Two bacteria create the tang and thickness of yogurt, Lactobacillus bulgaricus, or sometimes Lactobacillus acidophilus, and Streptococcus thermophilus. Yogurt producers add these bacteria to milk at just the right temperature, about 50 degrees C. The bacteria produce lactic acid, which begin what might be called digestion of the milk, turning it to yogurt. Another word for yogurt's bacteria is probiotics, or live microbes. Some yogurt makers also add prebiotics when making yogurt that provide food for the bacteria. These prebiotics may include carbohydrates, fiber or sugar.

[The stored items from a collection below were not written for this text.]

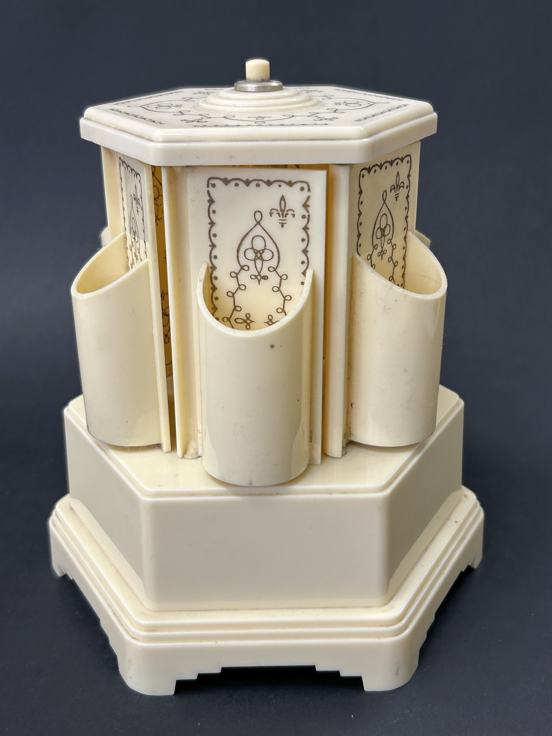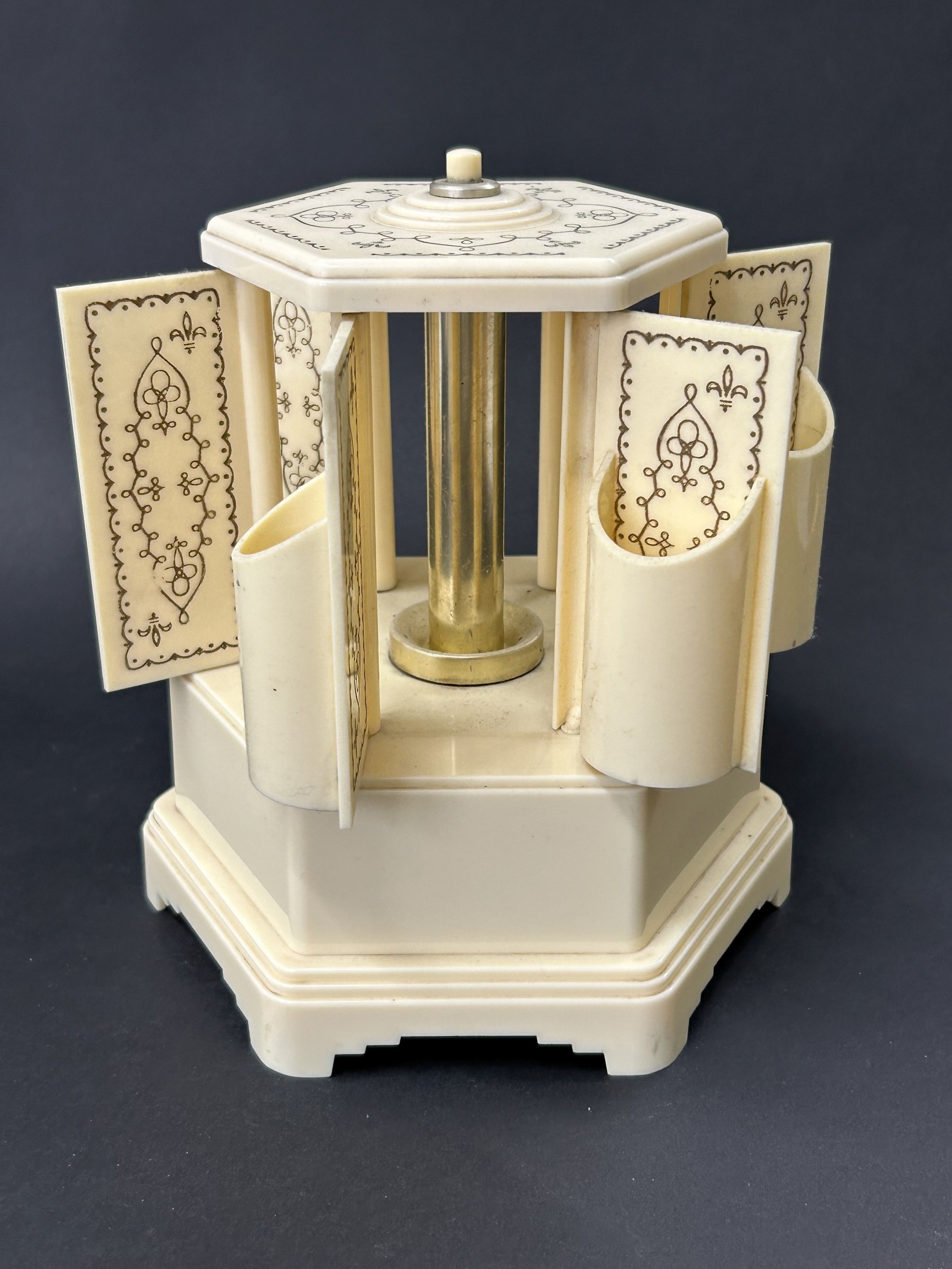 A vintage Selcol musical cigarette dispenser, also known as a lipstick carousel, approx. 7 3/4" high, winds and runs and plays a tune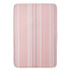 Chic boudoir dusty peach, taupe, white, and blush tones in a modern stripe print shown on a plush bathmat.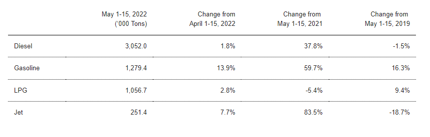 Pump prices have also remained unchanged since early April following a series of increases from state-run refiners after the end of local elections. Diesel sales, meanwhile, rose 1.8% month-on-month to 3.05 million tons.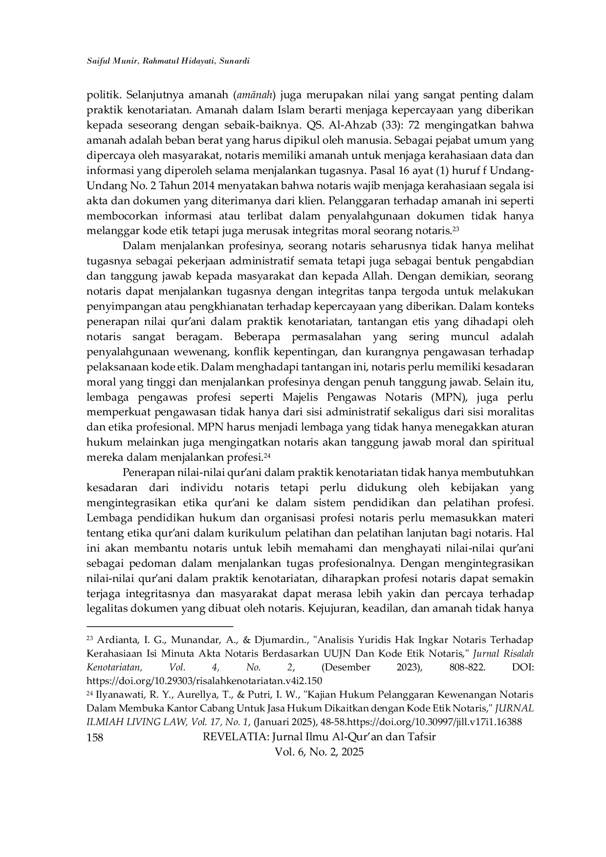 REVELATIA Jurnal Ilmu al-Qur`an dan TafsirREVELATIA Jurnal Ilmu al-Qur`an dan TafsirProfesi notaris memainkan peran penting dalam menjaga kredibilitas praktik konotariatan. Adanya regulasi UU No. 2 Tahun 2014 tentang Jabatan Notaris ternyata belum mampu menegakkan kredibilitas sebab pada faktanya kita kerap menjumpai problem tentang praktik catat-mencatat di Indoenesia yang mencerminkan pencatatan bodong. Penelitian ini mengunakan metode kualitatif-interpretatif yang menuntun peneliti untuk menginterpretasi praktik profesionalitas notaris. Dalam melakukan interpretasi, peneliti mengacu pada QS. Al-Baqarah (2): 282, At-Taubah (9): 119, An-Nahl (16): 90, and Al-Ahzab (33): 72. Hasil penelitian ini menunjukkan bahwa nilai-nilai qurani, seperti kejujuran (ṣidq), keadilan (adl), dan amanah (amānah) sangat berguna dalam membentuk etika profesi notaris. Implementasi nilai-nilai ini dapat memperkuat integritas profesi notaris sebagai pedoman moral dalam menjalankan tugas-fungsinya yang bukan hanya sebagai kewajiban administratif. Penelitian ini mengusulkan perlunya integrasi nilai-nilai qurani dalam pendidikan profesi notaris dan penguatan pengawasan kode etik untuk menciptakan sistem hukum yang lebih bermoral dan berkeadaban.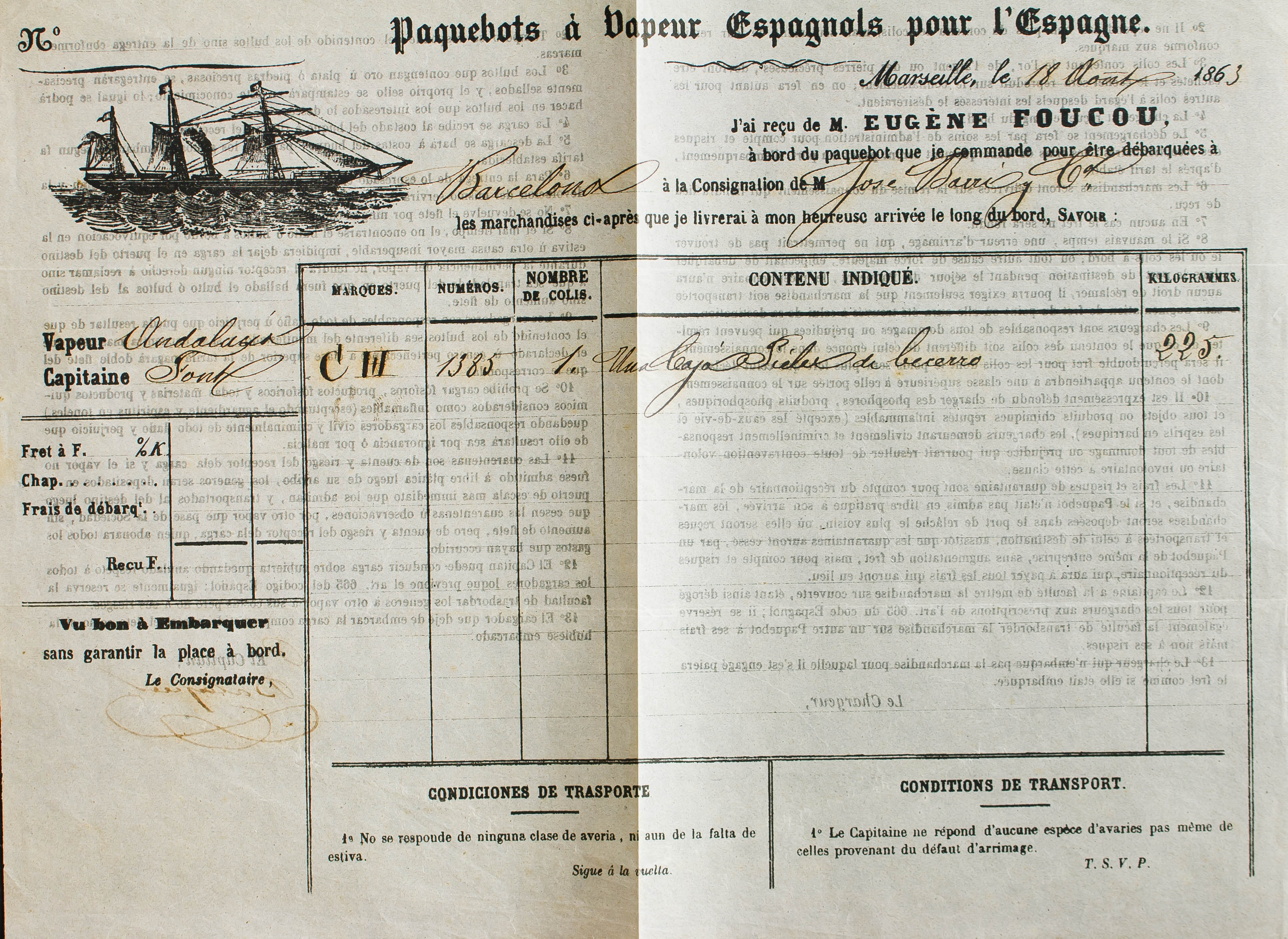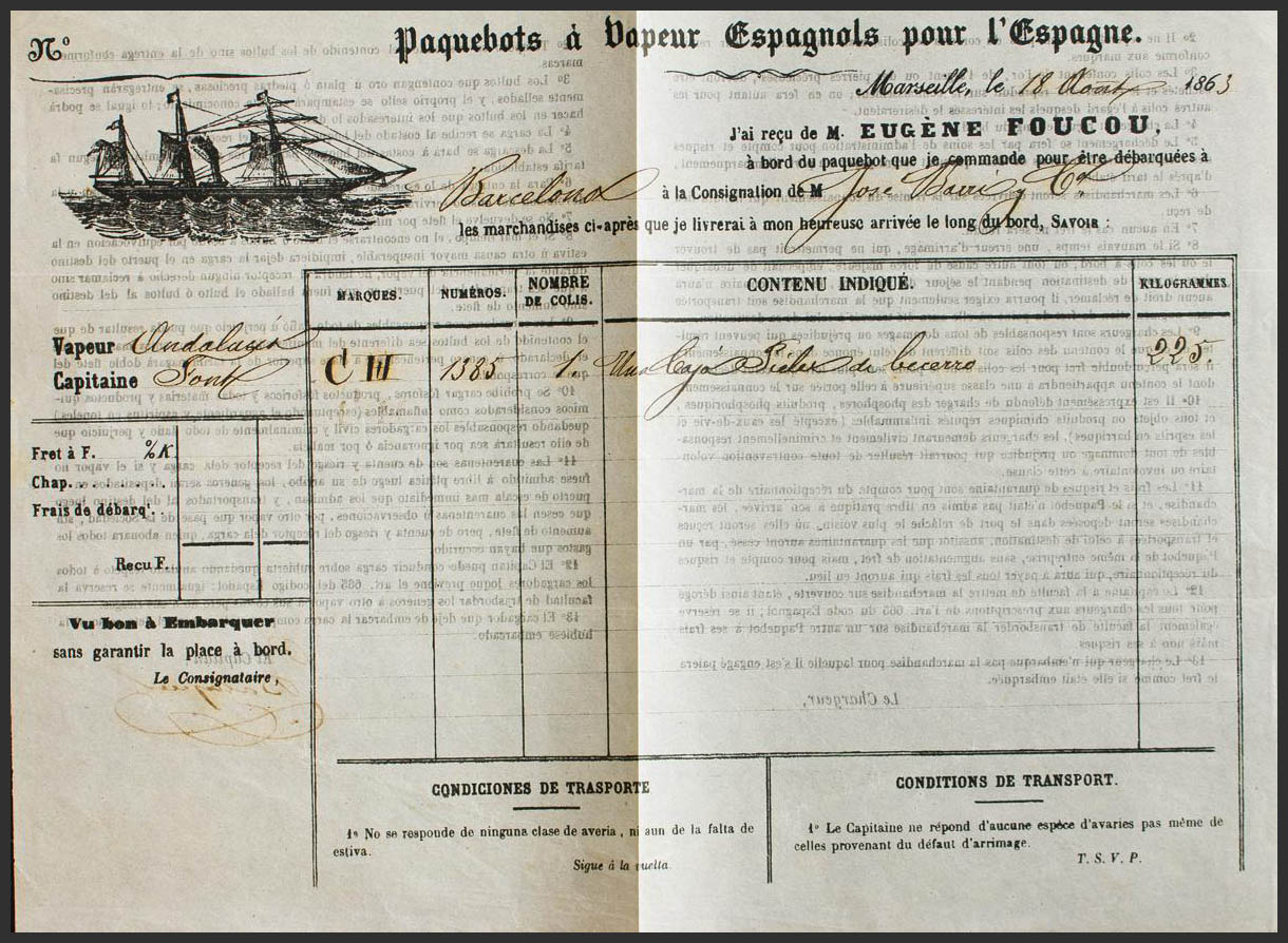 1863. Justificante de transporte de mercancÃas de los PAQUEBOTS A VAPEUR ESPAGNOLS POUR L´ESPAGNE de MARSELLA a BARCELONA. MAGNIFICO Y RARO COMPLETO.

Yeast Breads, Beer and Wine

As the single-celled yeast fungi eat sugar and starch from bread flour or beer hops, they produce carbon dioxide and alcohol. In the process, bread rises and the air holes from the carbon dioxide bubbles create an airy texture in the bread. Makers of beer and champagne need both the alcohol as well as the sparkling effect the carbon dioxide produces. Both bread-making and alcohol production need just the right amount of moisture, food and warm temperature for the yeast to grow.

Cheese

All cheese-making relies on bacteria called rennin, or chymosin. These bacteria, originally from enzymes from the stomach of a cow or calf, convert milk into solids, called curds, and liquid, called whey. The curds turn into cheese once they are dried and salted. After 1990, manufacturers began making cheese with genetically modified chymosin, which then produces the rennin needed for the cheese-making process. For blue cheese, the cheese-maker injects penicillium bacteria, gathered from another blue cheese, into any cheese when it is still in the curds-and-whey stage. Holes poked in the curd with a sterilized poker provide the bacteria with the air it needs to grow and form the distinctive color and flavor of blue cheese.

Chocolate

Chocolate illustrates the principle that bacteria exist everywhere. Chocolate begins with cacao seeds that are exposed to bacteria from splitting tools, workers' hands, carrying boxes and anything else they come into contact with. When the seeds are split, heaped into covered piles and left for five to seven days, they begin to warm, and the bacteria, as well as fungi and yeasts, begin to grow and ferment on the pulp that surrounds the cacao beans. During this process, the cacao seeds turn dark brown and develop their chocolate flavor. Once the beans dry and are roasted, all traces of bacteria and yeast disappear.